WHAT YOU SHOULD DO: Omit all pictures. Quote the lines from the one with "2023년 구리남양주교육지원청 지역" through the end of the listing below, exactly as they appear.
-------- SOURCE MATERIAL --------
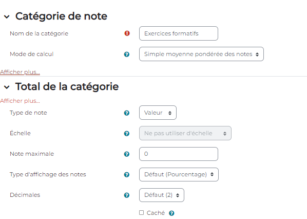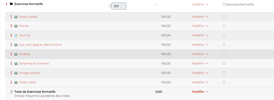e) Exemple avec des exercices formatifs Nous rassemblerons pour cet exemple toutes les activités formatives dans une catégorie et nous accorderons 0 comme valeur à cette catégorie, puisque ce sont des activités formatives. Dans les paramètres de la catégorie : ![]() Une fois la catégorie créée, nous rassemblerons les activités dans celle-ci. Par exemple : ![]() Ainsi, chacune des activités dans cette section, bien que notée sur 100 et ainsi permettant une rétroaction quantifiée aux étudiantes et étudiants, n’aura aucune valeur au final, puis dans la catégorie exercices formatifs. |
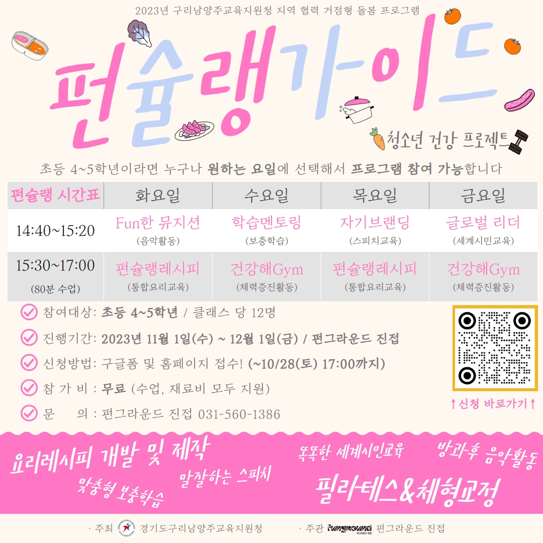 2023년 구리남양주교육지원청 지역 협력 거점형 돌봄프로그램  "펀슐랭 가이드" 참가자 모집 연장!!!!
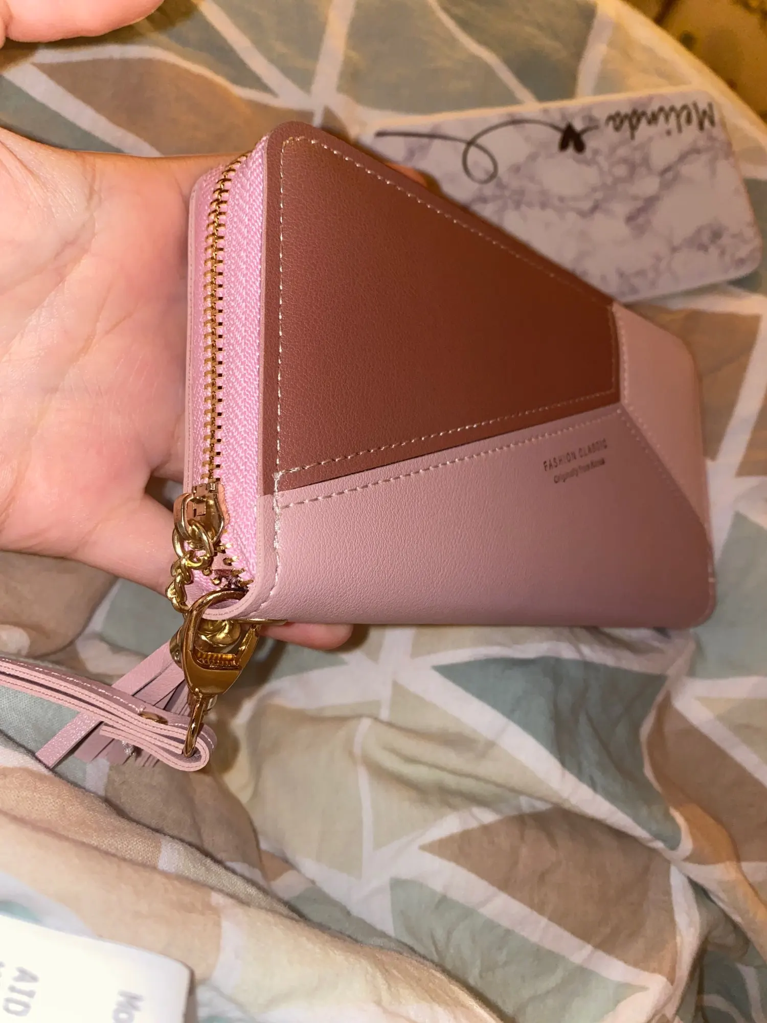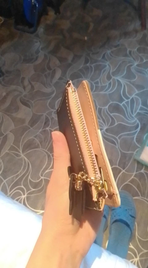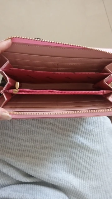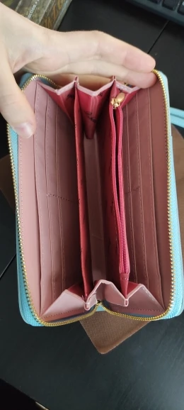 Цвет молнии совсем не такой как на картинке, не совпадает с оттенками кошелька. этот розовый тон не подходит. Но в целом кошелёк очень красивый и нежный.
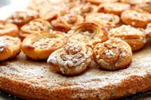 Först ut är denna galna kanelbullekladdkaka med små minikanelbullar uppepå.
--------
RESULT OF THE TASK:
 2023년 구리남양주교육지원청 지역 협력 거점형 돌봄프로그램  "펀슐랭 가이드" 참가자 모집 연장!!!!
 Цвет молнии совсем не такой как на картинке, не совпадает с оттенками кошелька. этот розовый тон не подходит. Но в целом кошелёк очень красивый и нежный.
 Först ut är denna galna kanelbullekladdkaka med små minikanelbullar uppepå.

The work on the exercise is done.